Could you give the entries back exactly as they stand, minus any pictures?

Source material section start

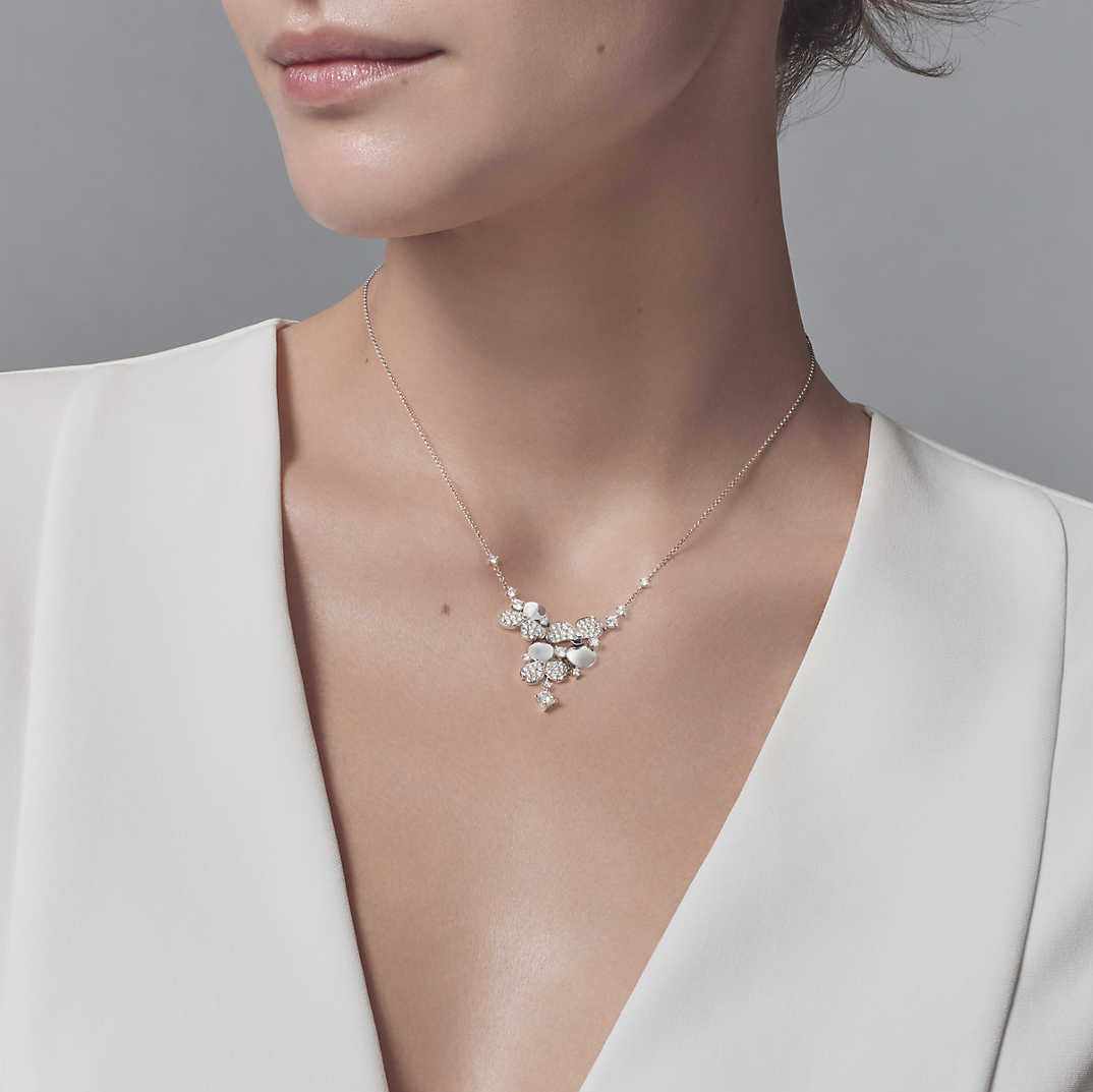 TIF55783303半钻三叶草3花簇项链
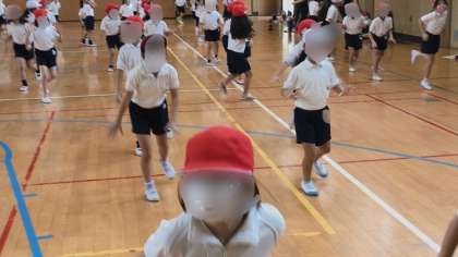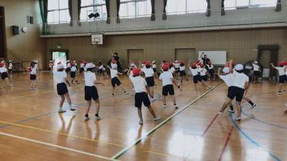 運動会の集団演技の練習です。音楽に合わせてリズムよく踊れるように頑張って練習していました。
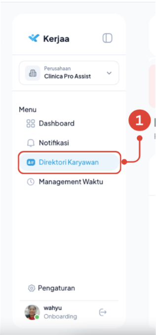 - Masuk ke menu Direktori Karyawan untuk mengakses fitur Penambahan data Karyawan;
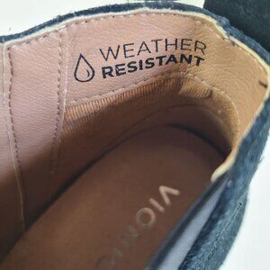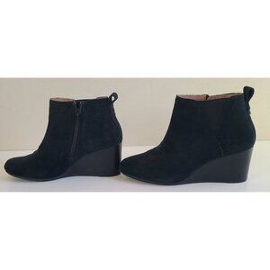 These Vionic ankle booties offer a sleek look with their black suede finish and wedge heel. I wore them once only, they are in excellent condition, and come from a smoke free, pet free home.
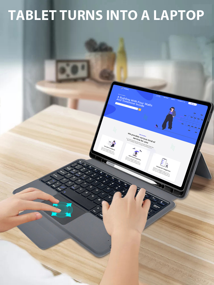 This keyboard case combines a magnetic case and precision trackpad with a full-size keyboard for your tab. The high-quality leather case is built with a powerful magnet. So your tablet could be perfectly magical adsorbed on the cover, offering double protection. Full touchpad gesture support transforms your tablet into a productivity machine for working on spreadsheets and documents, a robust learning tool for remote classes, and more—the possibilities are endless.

Source material section end

#### Problem solution
 TIF55783303半钻三叶草3花簇项链
 運動会の集団演技の練習です。音楽に合わせてリズムよく踊れるように頑張って練習していました。
 - Masuk ke menu Direktori Karyawan untuk mengakses fitur Penambahan data Karyawan;
 These Vionic ankle booties offer a sleek look with their black suede finish and wedge heel. I wore them once only, they are in excellent condition, and come from a smoke free, pet free home.
 This keyboard case combines a magnetic case and precision trackpad with a full-size keyboard for your tab. The high-quality leather case is built with a powerful magnet. So your tablet could be perfectly magical adsorbed on the cover, offering double protection. Full touchpad gesture support transforms your tablet into a productivity machine for working on spreadsheets and documents, a robust learning tool for remote classes, and more—the possibilities are endless.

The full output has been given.